[Japanese | Thesis | Researches in Minoh Lab | Minoh Lab]
In recent years, there have been a lot of trials to make archives of lectures and distribute them as e-learning content in educational facilities. When users watch the lecture video, the object in the video that users are interested in is different for each user. Also, the included objects and resolution of the video are determined by the producer of the video.
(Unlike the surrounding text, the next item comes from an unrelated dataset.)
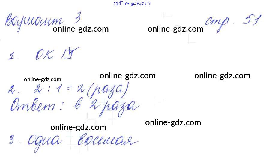 Готовые домашние задания по Математике за 3 класс Контрольные работы Рудницкая УМК 2017 - Часть 1 (страницы) 51
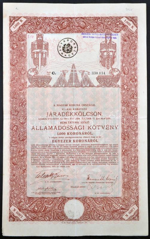 Budapest 1916. "A Magyar Korona Országai 6%-kal kamatozó járadékkölcsön" államadóssági kötvény 1000K-ról, szelvényekkel, szárazpecséttel és bélyegzéssel T:III

Therefore, existing archiving systems cannot satisfy every user's demand regarding the desired objects and resolution of the video.
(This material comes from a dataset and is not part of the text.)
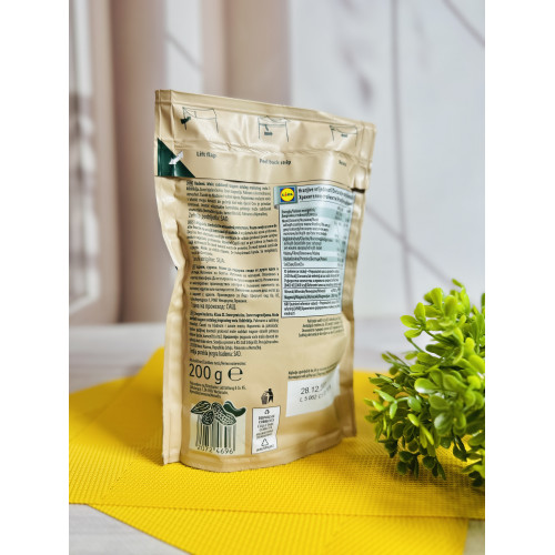 Вага - 200 грам. Сушений каліфорнійський мигдаль. У складі: очищений мигдаль 100%. Користь горіха: джерелом кальцію, заліза, магнію, фосфору і калію; в ньому багато вітамін групи В (В1, В2, В3, В5, В6, В9), а також токоферолу (вітаміну Е). Для підтримки нервової системи і нормального функціонування головного мозку лікарі рекомендують споживати 20-25 горішків в день. Людям у віці «50+» мигдаль може допомогти впоратися з недоумством і хворобою Альцгеймера. Харчові волокна допомагають «чистити» організм, вони живлять мікрофлору кишечника корисними бактеріями, і впливають на пребіотіческіх функцію.

In order to be able to satisfy all users' demands, we think of acquiring an image which includes all objects that users could have interest in and that has high resolution of them. Acquiring such an image allows users to choose objects from the image and select the resolution of the objects. Therefore, we aim to obtain a wide-field image taken from the rear center of the lecture room.
Image mosaicing is often used for acquiring wide-field images. When the whole scene of a image is or is approximately a single plane in the 3D world, we can use planar projective transformation to synthesize images. Therefore, we use planar projective transformation for synthesizing the background image of a lecture room, because a lecture room is basically constructed from planes.
In the case when the image that we apply the planar projective transformation to includes non-planar object, the region including the object is distorted. In a lecture room, we can assume that screens and walls are planar, but cannot assume the lecturer to be a plane. Existing methods apply planar projective transformation to images which include lecturer, which results in distortion in the lecturer region.
In this paper, we propose a method for synthesizing a wide-field image of a lecture room which has no distortion in the lecturer region. Firstly, by shooting and tracking the lecturer using a camera the pose (pan, tilt, and zoom) of the which can be controlled, we acquire an image which has no distortion of the whole body of the lecturer. In addition, on the assumption that objects except for the lecturer can be approximated a plane or a set of planes, we can apply planar projective transformation to images which are captured by several fixed cameras shooting all objects except for the lecturer and synthesize a wide-field background image of the lecture room. Finally, we project the wide-field background image onto the image plane of the lecturer tracking camera at a current pose. Then, we acquire the wide-field image of a lecture room.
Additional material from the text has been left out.